▶ [REQUIRED ACTION]
Among the entries that follow, find the lines containing the string "work" and copy them.

[INPUT Boundary: Start]

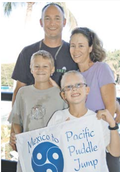
South Pacific voyaging is a family tradition for the 'Whisper' crew.

travels, pay off college and buy a smaller home in the Sierra foothills. Nice work!
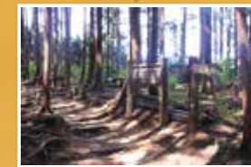
Mt. Iwawaki Third Station on the Diamond Trail
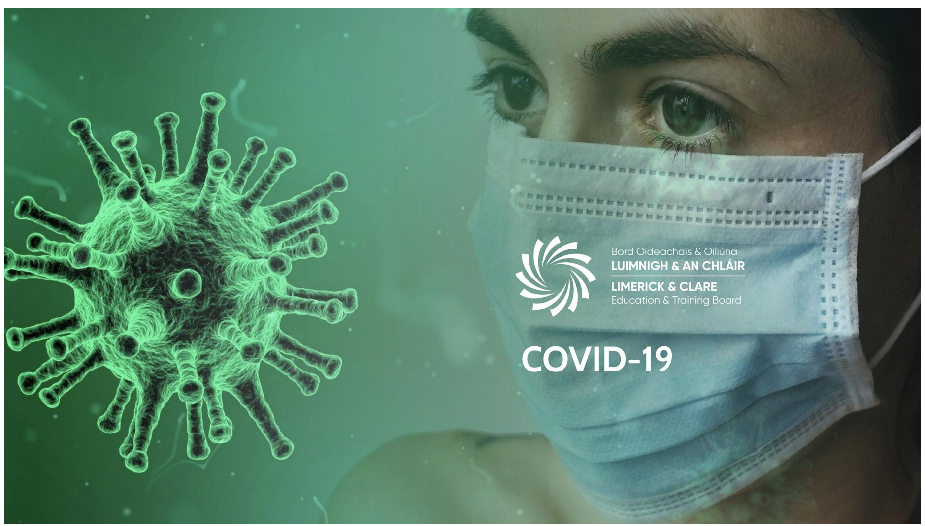
COVID-19 Response Plan for the safe and sustainable reopening of SCARIFF COMMUNITY COLLEGE
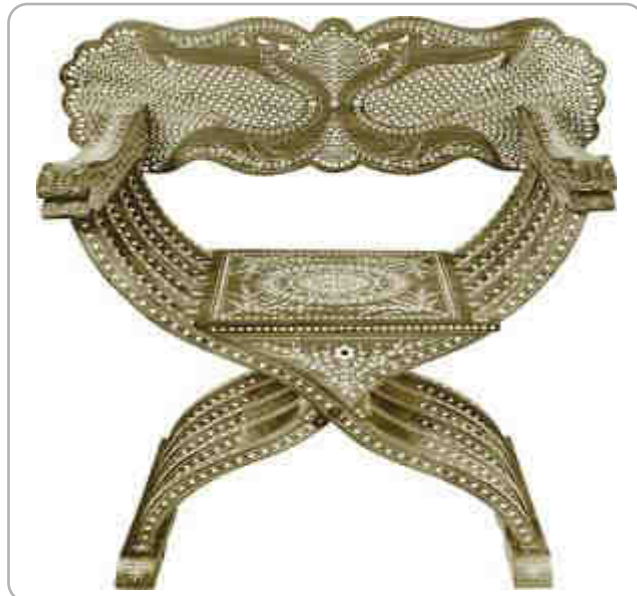
Inlay art work in furniture
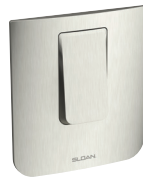
Brushed Nickel (BN)
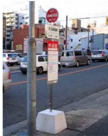
Local Circuit Bus Stop
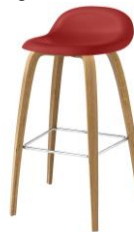
// Shy Cherry
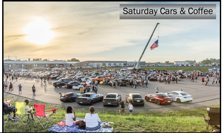
Saturday Cars & Coffee

Note: M1 is the designation for Michigan highway number 1 (which is also Woodward Avenue) and runs from downtown Detroit to Pontiac, MI.

[INPUT Boundary: End]

▶ [RESULT OF THIS TASK]
travels, pay off college and buy a smaller home in the Sierra foothills. Nice work!
Inlay art work in furniture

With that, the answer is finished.